The Council of Europe has urged Belarus not to execute two men found guilty of carrying out a subway terrorist attack in Minsk.
Secretary General Thornbjorn Jagland called on Minsk on Wednesday to discard the death penalty for Dmitry Konovalov and Vladislav Kovalyov and put a general moratorium on executions. He noted that Belarus is the only European country that practices capital punishment.
Earlier Wednesday, Konovalov and Kovalyov were sentenced to death by firing squad in connection with the April 11 blast inside a Minsk underground station. The explosion killed 15 people and wounded more than 200 others. The judge said they represent an extreme danger to society.
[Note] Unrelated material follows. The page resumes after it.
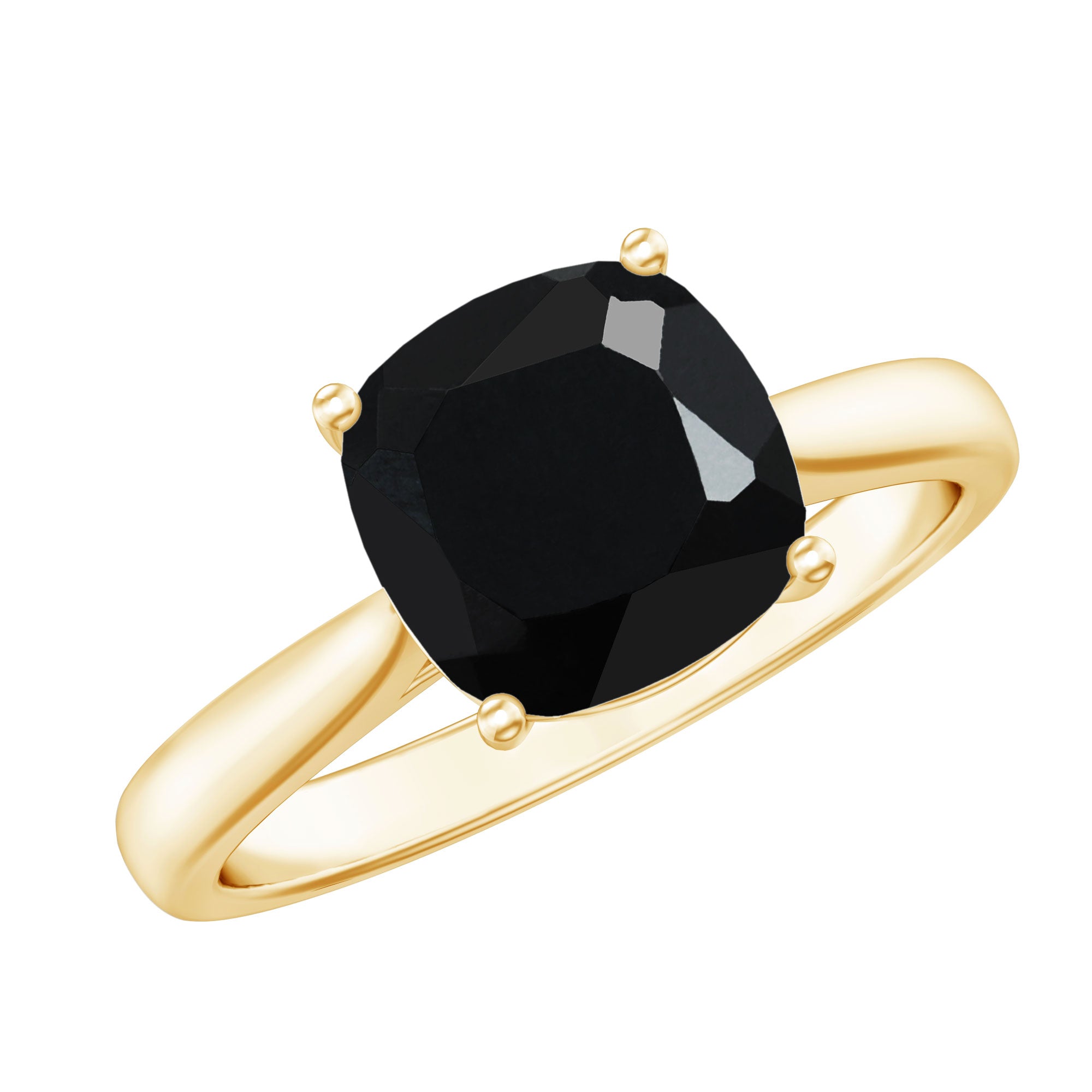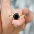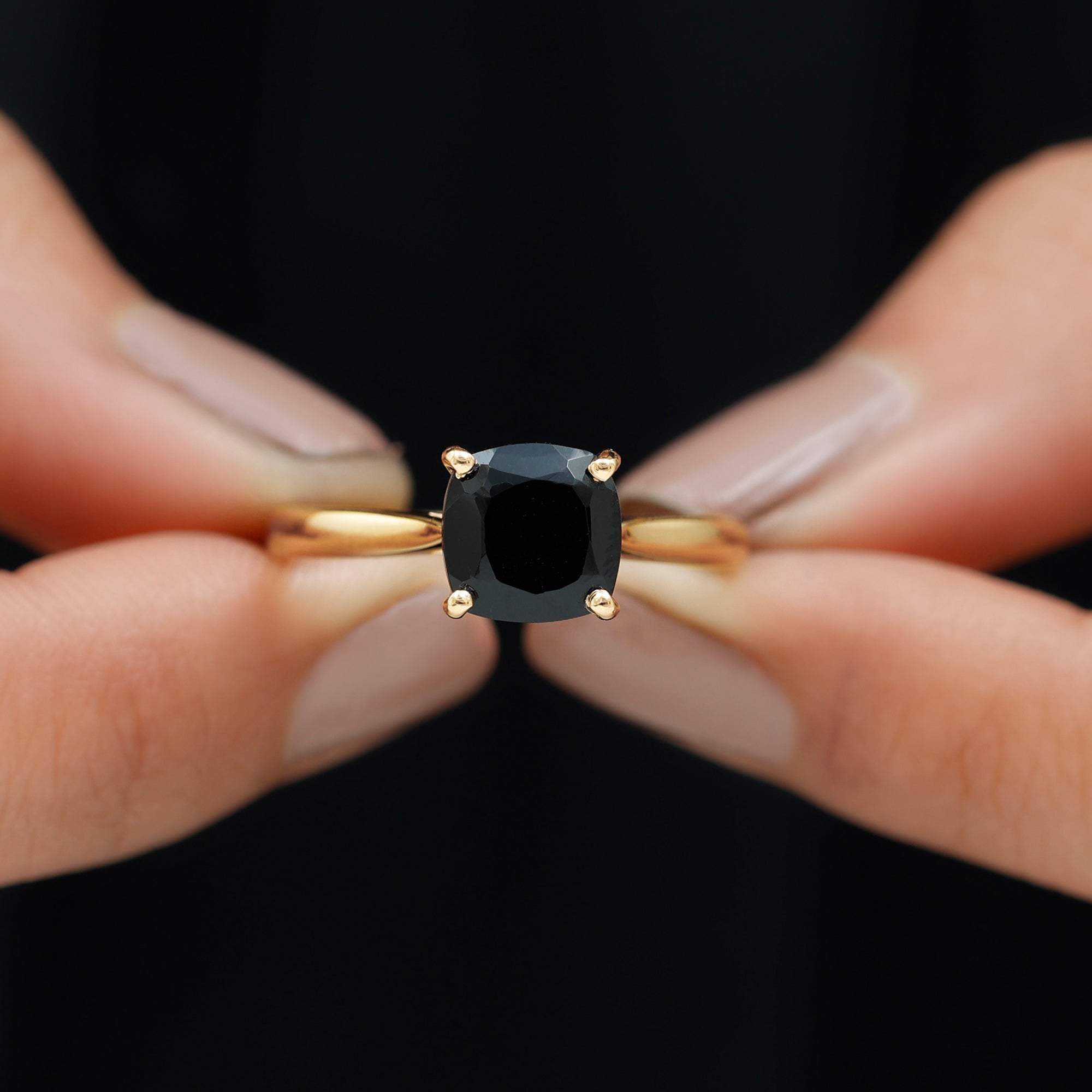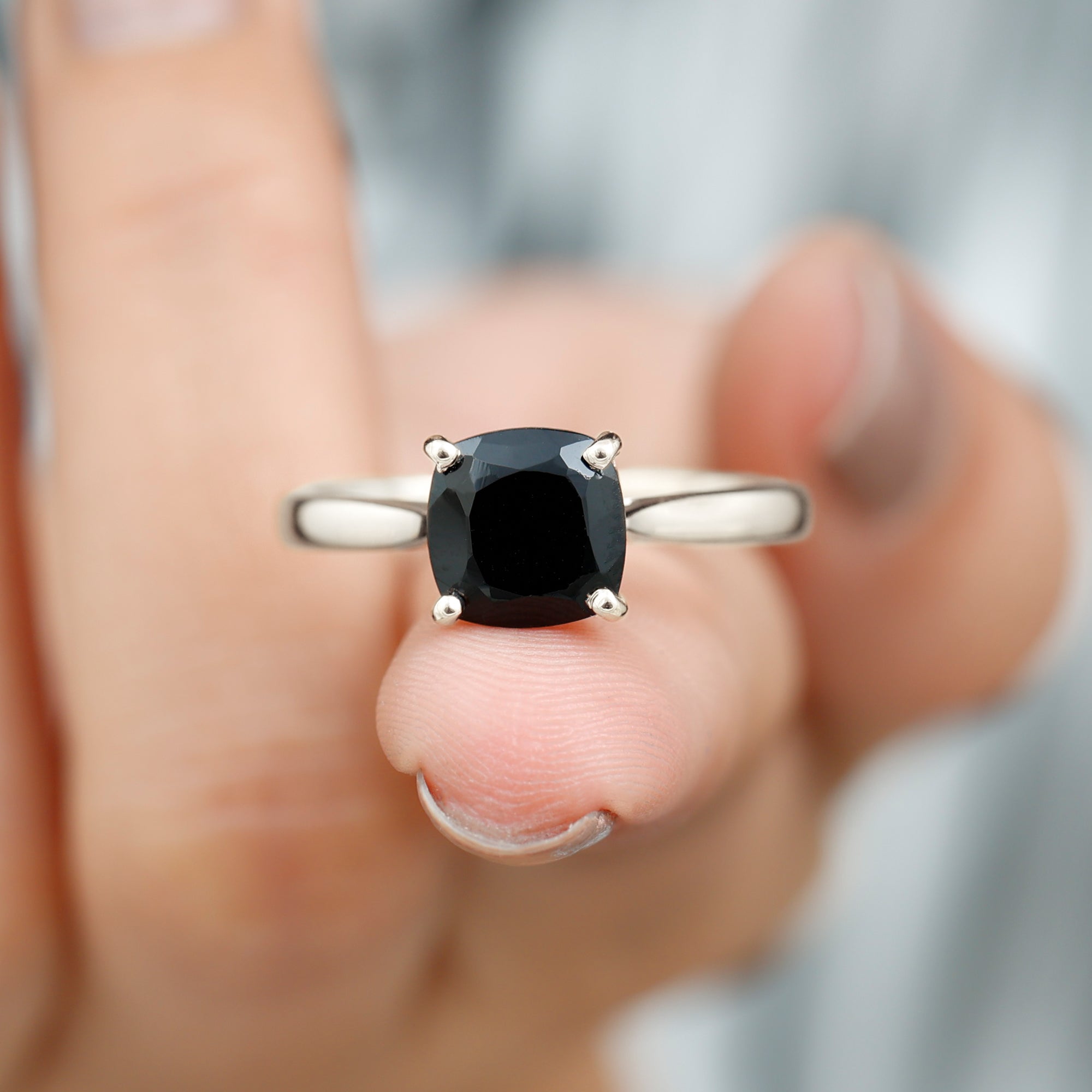8MM Cushion Cut Black Onyx Solitaire Engagement Ring

The date of the execution has not yet been set, but the Supreme Court's ruling is final and can not be appealed. Persons sentenced to death can only ask the president for a pardon.
Jagland said that the crime perpetrated by the two men was “barbaric” but that their punishment should not be the same.
Konovalov and Kovalyov, both 25 years old, were arrested three days after the April 11 explosion, which took place on a packed metro platform during the evening rush-hour. Belarus authorities have also linked the pair to other non-fatal bombings in 2005 and 2008.
Rights activists had also called on authorities in the former Soviet republic not to impose the death sentence.
Throughout his presidency Alexander Lukashenko has only once granted a pardon, commuting the death penalty to a 20-year prison sentence in 1996.